[Saved entries]
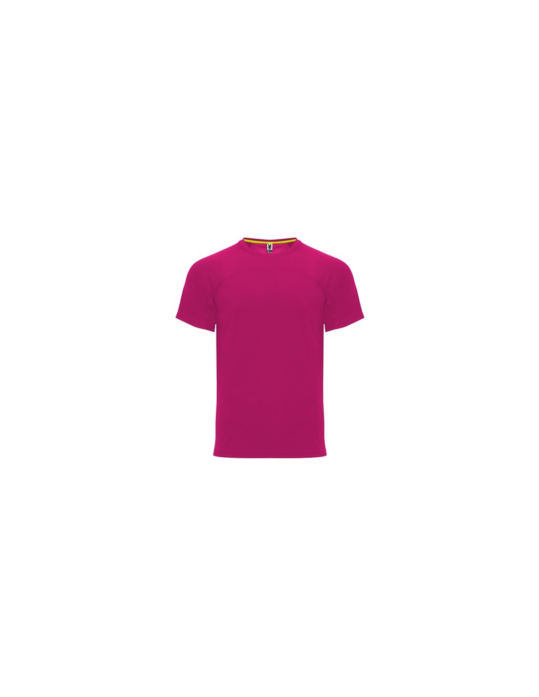 Camiseta técnica de manga ranglán unisex. Combinación de dos tejidos, frontal interlock y espalda rejilla 3D, ofrece un rendimiento versátil y suave . Cubre costuras de refuerzo a contraste en color amarillo flúor. Bajo espalda ligeramente más largo que el delantero.
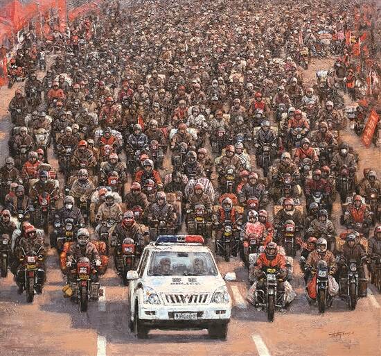 上世纪90年代以来,随着城镇化的步伐不断加快,大批农民开始奔向城市,成为“城市里的异乡人”。无论是对城市文明的彰显和趋同,还是对乡土文明的执着与坚守,艺术家们以此为素材的创作留下了深深的时代烙印。努力拼搏的身影和“人在他乡”的生存现状,成为艺术家们关注和描绘的对象。王永的《打工潮》描绘了上世纪90年代的广州火车站,春运期间农民工们拿着大包小包的行李候车回家的热闹场景。
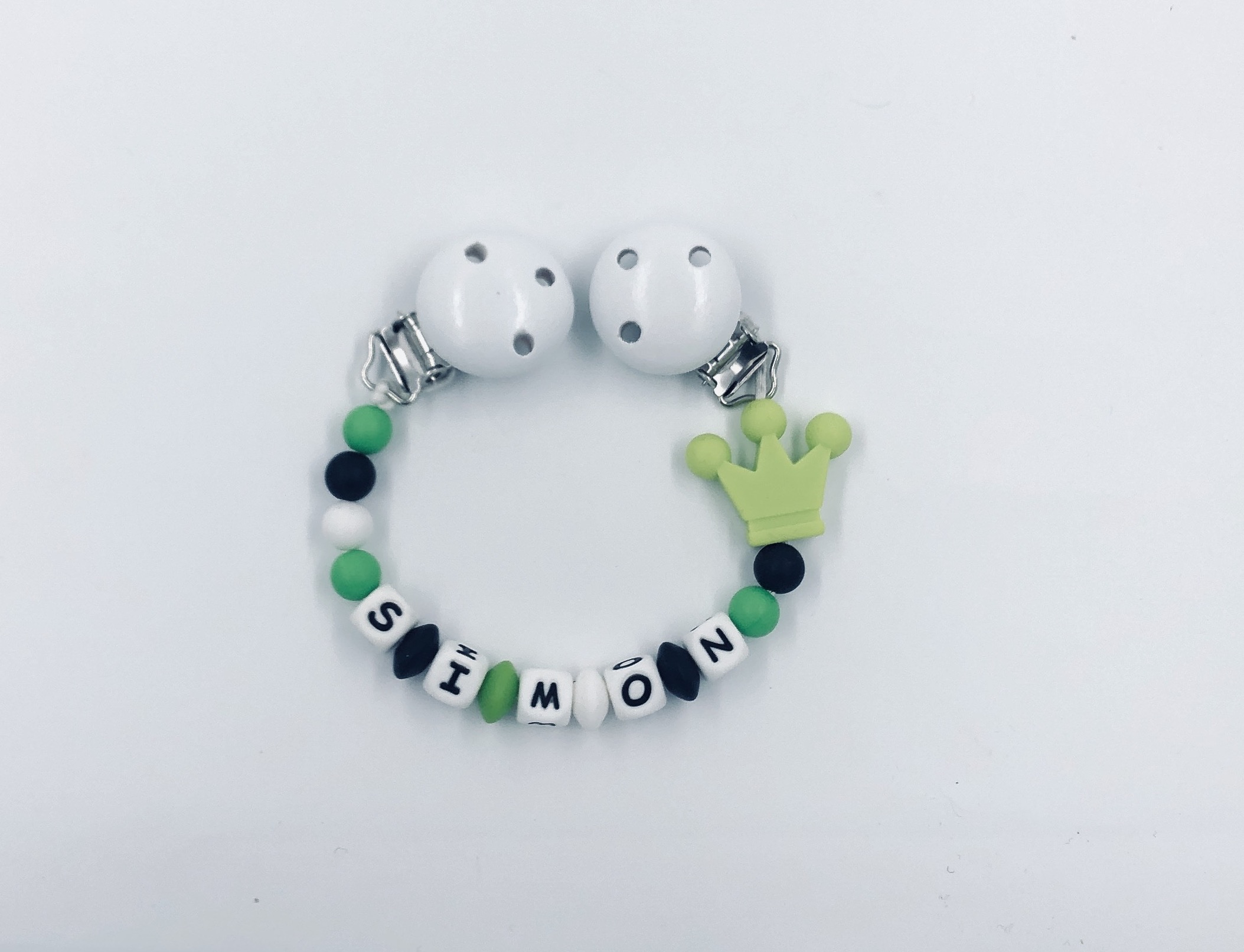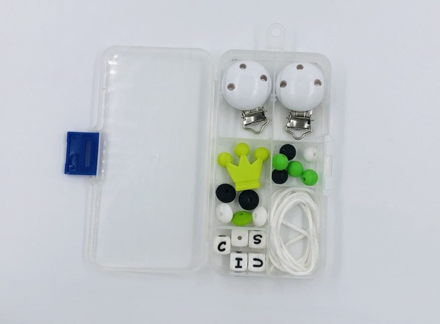 Le kit de création d’attache verte pomme couronne avec prénom est composé de perles en silicone et d’une couronne. L’attache est un clip en bois.
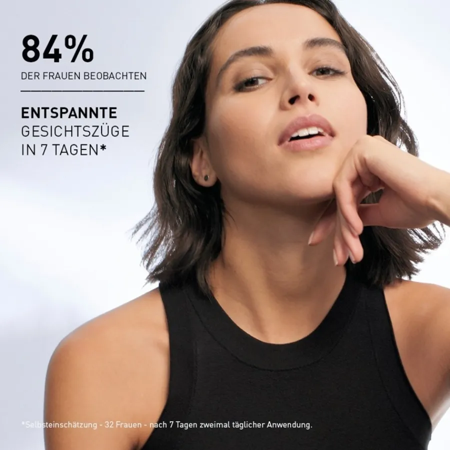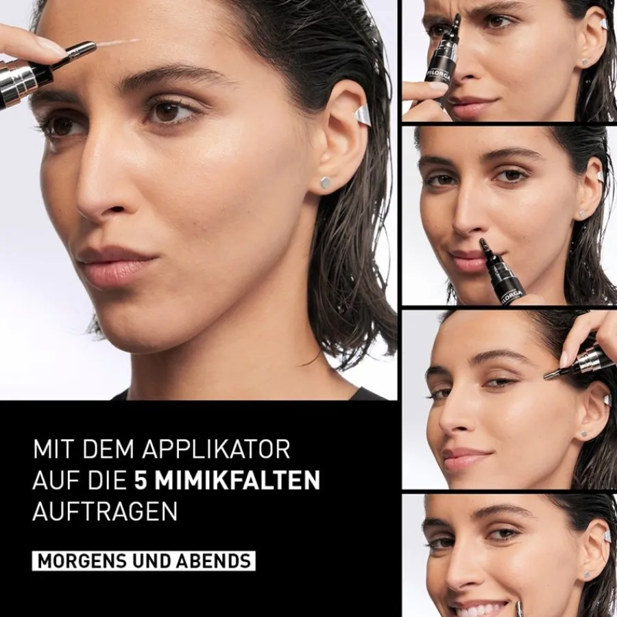 Das Hautpflege-Serum ist für die tägliche Anwendung morgens und abends gedacht. Nach der Gesichtsreinigung tragen Sie eine angemessene Menge des Produkts direkt mit dem Applikator auf die Mimikfalten auf. Anschließend massieren Sie die weiße Geltextur sanft in die Haut ein. Die Formel zieht rasch ein und hinterlässt ein leichtes Finish. Danach sollten Sie eine geeignete Tages- oder Nachtcreme auftragen.
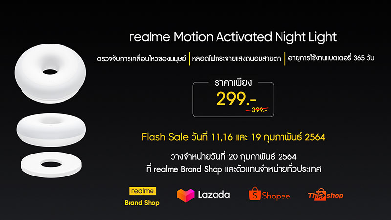 realme Motion Activated Night Light ที่มาพร้อมการตรวจจับการเคลื่อนไหวของมนุษย์ แสงหลอดไฟกระจายแสงถนอมสายตา แบตเตอรี่ยาวนาน 365 วัน มาในราคาเพียง 399 บาท พิเศษ! ในวันที่ 11, 16 และ 19 กุมภาพันธ์ พบกับ Flash Sale ราคาพิเศษเพียง 299 บาท ผ่าน realme Official Store ทาง Lazada, Shopee และ Thisshop เท่านั้น พร้อมวางจำหน่ายพร้อมกันในวันที่ 20 กุมภาพันธ์นี้ ที่ realme Brand Shop และตัวแทนจำหน่ายทั่วประเทศ

» **WORK ORDER**
Print the data above verbatim from the first line through the line holding "Das Hautpflege-Serum ist", leaving every picture out.

» **TASK RESPONSE**
 Camiseta técnica de manga ranglán unisex. Combinación de dos tejidos, frontal interlock y espalda rejilla 3D, ofrece un rendimiento versátil y suave . Cubre costuras de refuerzo a contraste en color amarillo flúor. Bajo espalda ligeramente más largo que el delantero.
 上世纪90年代以来,随着城镇化的步伐不断加快,大批农民开始奔向城市,成为“城市里的异乡人”。无论是对城市文明的彰显和趋同,还是对乡土文明的执着与坚守,艺术家们以此为素材的创作留下了深深的时代烙印。努力拼搏的身影和“人在他乡”的生存现状,成为艺术家们关注和描绘的对象。王永的《打工潮》描绘了上世纪90年代的广州火车站,春运期间农民工们拿着大包小包的行李候车回家的热闹场景。
 Le kit de création d’attache verte pomme couronne avec prénom est composé de perles en silicone et d’une couronne. L’attache est un clip en bois.
 Das Hautpflege-Serum ist für die tägliche Anwendung morgens und abends gedacht. Nach der Gesichtsreinigung tragen Sie eine angemessene Menge des Produkts direkt mit dem Applikator auf die Mimikfalten auf. Anschließend massieren Sie die weiße Geltextur sanft in die Haut ein. Die Formel zieht rasch ein und hinterlässt ein leichtes Finish. Danach sollten Sie eine geeignete Tages- oder Nachtcreme auftragen.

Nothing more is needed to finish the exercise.